Some code I've written


Chunkfs is a set of techniques for compartmentalizing file system metadata such that small pieces can be checked and repaired. A prototype is available as a concrete example of what this would look like.

e2fsck IO parallelization

I implemented parallel readahead of metadata in e2fsck using a pretty hysterical combination of fadvise(), read(), and blindfolded buffer cache manipulation. It gets about 50% improvement in elapsed time on a RAID5. Current e2fsck readahead patch.

Relative atime

My friend Akkana followed my advice to use the noatime mount option to cut down on writes to her file system, but then mutt couldn't tell which mailboxes had been read since they were last modified. So I wrote the relative lazy atime patch, which only updates the atime if the old atime was older than the ctime or mtime. It turns out this is terribly useful for distributed/clustered file systems as well, since metadata writes are generally very expensive and the alternative is either no atime, or some kind of annoying tunable atime quantum. Currently in -mm, rewritten by Andrew Morton to be slightly less turgidly dense. Now with accompanying patch for the mount utility (although you can still just use the test program to test it if you don't want to download and recompile util-linux).

Relative atime kernel patch against 2.6.18-rc4

Relative atime userspace patch against util-linux 2.13-pre7

Test script to test relatime

Bare bones mount program to remount with either relatime or lazyatime (depending on kernel patch)

Older lazy atime patch, which updates the atime in memory but doesn't bother writing it to disk. The major problem with this is that atime can go backwards if an inode is evicted from memory.

Lazy atime patch against 2.6.18-rc3

malloc() tuning

The default malloc() threshold for allocating using mmap() versus brk() is designed for 32-bit systems with 2001 memory capacity, and winds up doing too many allocations using mmap(). This is especially harmful when the application is doing an alloc/write/free cycle, as the memory has to be cleared unnecessarily in between each free and alloc. Arjan van de Ven and I wrote a patch to glibc that dynamically adjusts the threshold based on the size of free()'s.

Update: Merged as of August 24, 2006 (with some additional tweaks).

Dynamic mmap threshold patch

ebizzy workload generator

I needed a workload that represented a class of applications fairly common in web application servers (think search and indexing services).
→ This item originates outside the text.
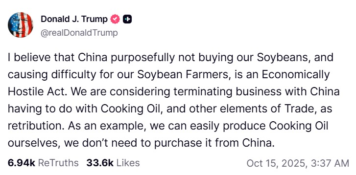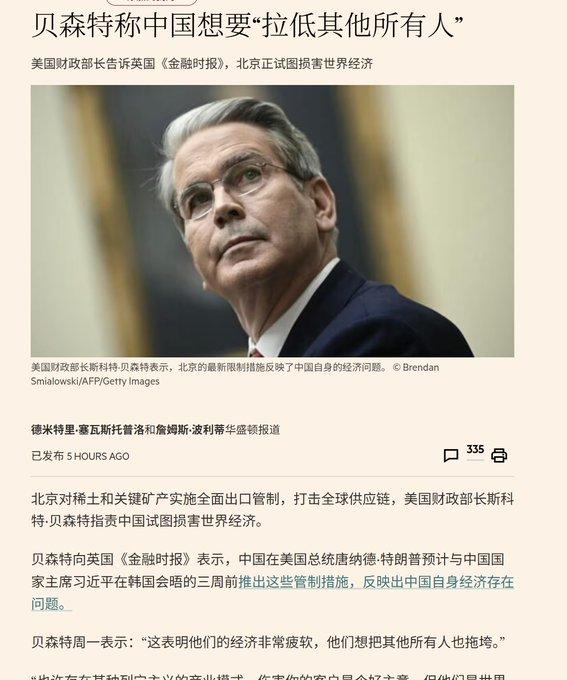 美国财长贝森特接受《金融时报》采访时表示,中国对稀土和关键矿物实施了全面的出口管制,“这表明他们的经济非常疲软,他们想把其他所有人都拖下水”他讽刺说“中国似乎在奉行一种‘列宁式商业模式’,以伤害客户为手段”。但他们是全球最大的供应者。若他们想让全球经济放缓,受伤最深的会是他们自己。”

Basically, a lot of threads are all doing the same kind of thing to a big (many GB's) chunk of memory: pick some chunk of memory, make a copy, look up some record in it using binary search, free that memory again. Microbenchmarks don't cut it, because the performance issues only kick in when everything is combined. ebizzy tries to replicate this for system tuning purposes. Licensed under the GPL.

The source is now hosted on Sourceforge.

OLD 0.1 release

Ext2 fsck reduction project

These patches are intended to reduce the average time spent on fscking ext2 file systems. For more info, see the paper (draft).

Latest patch for fswide dirty bit

Port of ext3 reservations to ext2 Martin Bligh and Andrew Morton cleaned this up and it's floating around in one of Andrew's trees somewhere; ask for it.